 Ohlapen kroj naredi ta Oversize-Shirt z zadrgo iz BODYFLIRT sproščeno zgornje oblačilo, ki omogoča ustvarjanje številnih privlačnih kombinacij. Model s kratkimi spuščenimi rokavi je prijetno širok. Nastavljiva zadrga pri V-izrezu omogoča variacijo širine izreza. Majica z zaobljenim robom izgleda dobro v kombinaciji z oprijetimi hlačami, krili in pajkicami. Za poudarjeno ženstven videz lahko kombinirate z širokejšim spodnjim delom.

• • •

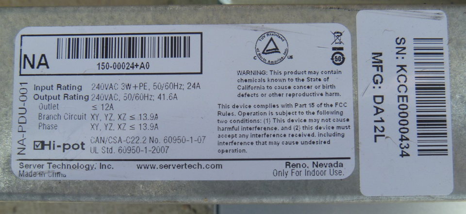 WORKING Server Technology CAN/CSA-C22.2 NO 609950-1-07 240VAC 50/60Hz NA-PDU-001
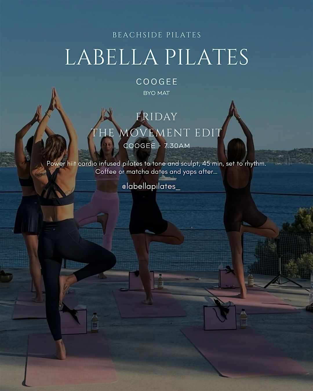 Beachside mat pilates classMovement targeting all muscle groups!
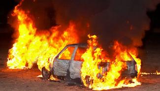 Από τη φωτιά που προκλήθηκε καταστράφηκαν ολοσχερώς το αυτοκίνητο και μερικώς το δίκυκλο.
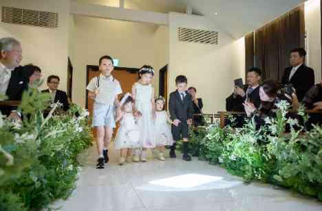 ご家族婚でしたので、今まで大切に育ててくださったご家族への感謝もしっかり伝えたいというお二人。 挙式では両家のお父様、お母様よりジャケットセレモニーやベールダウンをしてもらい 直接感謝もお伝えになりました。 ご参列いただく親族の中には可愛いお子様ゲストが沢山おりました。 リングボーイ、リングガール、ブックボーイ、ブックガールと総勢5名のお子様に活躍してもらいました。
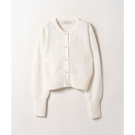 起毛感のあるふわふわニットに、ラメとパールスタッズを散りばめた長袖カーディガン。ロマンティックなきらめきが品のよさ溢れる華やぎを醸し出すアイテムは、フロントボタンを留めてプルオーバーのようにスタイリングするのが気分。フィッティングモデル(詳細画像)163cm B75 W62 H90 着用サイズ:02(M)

• • •

● Aim of the exercise: Leave the pictures out, and transcribe exactly the lines above starting at the one that contains "Beachside mat pilates" and ending at the one that contains "W62 H90 着用サイズ:02(M)".

● Solution:
 Beachside mat pilates classMovement targeting all muscle groups!
 Από τη φωτιά που προκλήθηκε καταστράφηκαν ολοσχερώς το αυτοκίνητο και μερικώς το δίκυκλο.
 ご家族婚でしたので、今まで大切に育ててくださったご家族への感謝もしっかり伝えたいというお二人。 挙式では両家のお父様、お母様よりジャケットセレモニーやベールダウンをしてもらい 直接感謝もお伝えになりました。 ご参列いただく親族の中には可愛いお子様ゲストが沢山おりました。 リングボーイ、リングガール、ブックボーイ、ブックガールと総勢5名のお子様に活躍してもらいました。
 起毛感のあるふわふわニットに、ラメとパールスタッズを散りばめた長袖カーディガン。ロマンティックなきらめきが品のよさ溢れる華やぎを醸し出すアイテムは、フロントボタンを留めてプルオーバーのようにスタイリングするのが気分。フィッティングモデル(詳細画像)163cm B75 W62 H90 着用サイズ:02(M)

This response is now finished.